The Taoiseach, Tánaiste and Minister for Public Expenditure trumpeted an additional €2.25 billion over the seven years to 2018. The cash is on top of €17 billion already allocated for investment in the 2012-2016 period. None of the €2.25 billion will be borrowed by an already over-borrowed State. This is a stimulus package for an age of austerity.
What effect will it have?
Stimulating an economy is easy to do. If, say, a government employed 100,000 workless builders to dig the world’s biggest hole, the economy would be stimulated. Their wages and the money spent on machinery and the like would boost demand. Having the 100,000 workers fill the hole in again would provide another shot in the other arm.

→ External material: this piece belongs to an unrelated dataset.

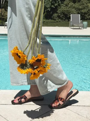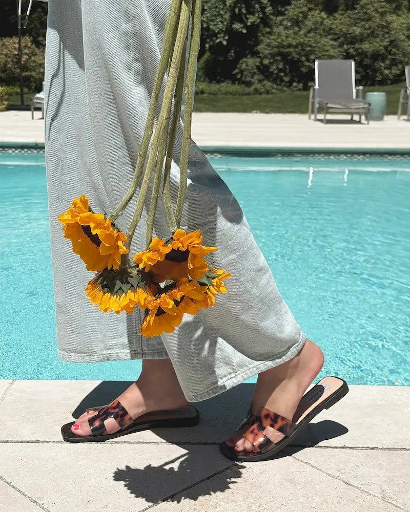 Geometric cutouts on the wide single strap of the HADYN slide give this flat sandal design a fresh feel.
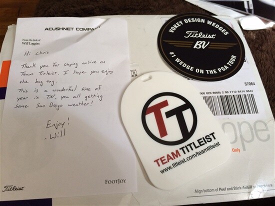 Iit is truly a good day!!!! Came home from working out and this was waiting at the front door. Bag tag, sticker & a hand written note... First class Titleist Thanks for making my day!!!!!!!

But nobody advocates such make-work schemes because the stimulus effect ends the minute the hole is filled in and because the filled-in hole yields no returns.
By contrast, real investment, such as the construction of schools and roads, produces the immediate stimulus of the money spent and then goes on yielding returns long after the work has stopped – better-educated kids go on to have more productive working lives and better roads cut costs for users by reducing journey times.

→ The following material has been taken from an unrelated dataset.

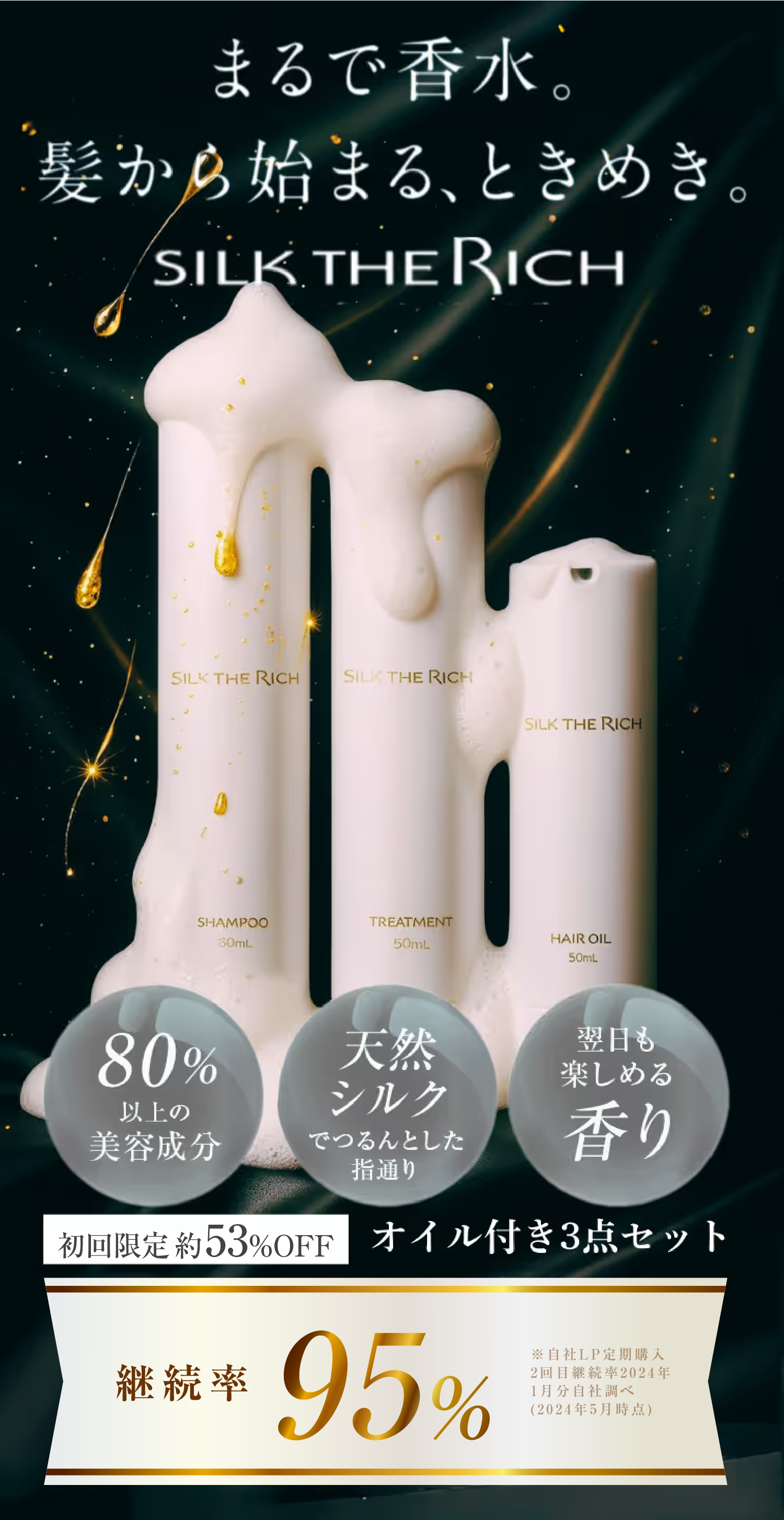 繭由来成分が浸透し補修、ツヤと指通りを向上します。

The Government estimates its new plan will create 13,000 jobs, a number that is consistent with previous estimates of how much public spending – about €100,000 – it takes to generate one job.
But the number of jobs to be generated also shows the effect of the package will be small. At last count, there were 313,000 people out of work. If all the promised stimulus jobs materialised tomorrow (and nobody – not even the Government – is claiming they will), the rate of unemployment would fall from 14.8 per cent to 14.2 per cent. That would be important for the 13,000, but not transformative for the economy.

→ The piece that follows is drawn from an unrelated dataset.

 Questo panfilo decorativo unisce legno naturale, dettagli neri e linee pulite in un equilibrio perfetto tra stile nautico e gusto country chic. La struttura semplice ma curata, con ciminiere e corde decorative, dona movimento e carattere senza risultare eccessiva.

It is easy to see why yesterday’s stimulus will not turn gloom to boom. The €2.25 billion additional spending announced yesterday is spread over seven years, averaging out at €320 million a year. That is a fraction of 1 per cent of gross domestic product, or, in plain language, a drop in the bucket.
That said, announcements such as yesterday’s can have intangible benefits, mostly by boosting confidence. Headlines of multibillion investments in health, education and transport facilities can give a sense that a corner has been turned and that there is new momentum in the economy. They can also give the governed a sense that those who are governing are competent, in control and getting ahead of the curve.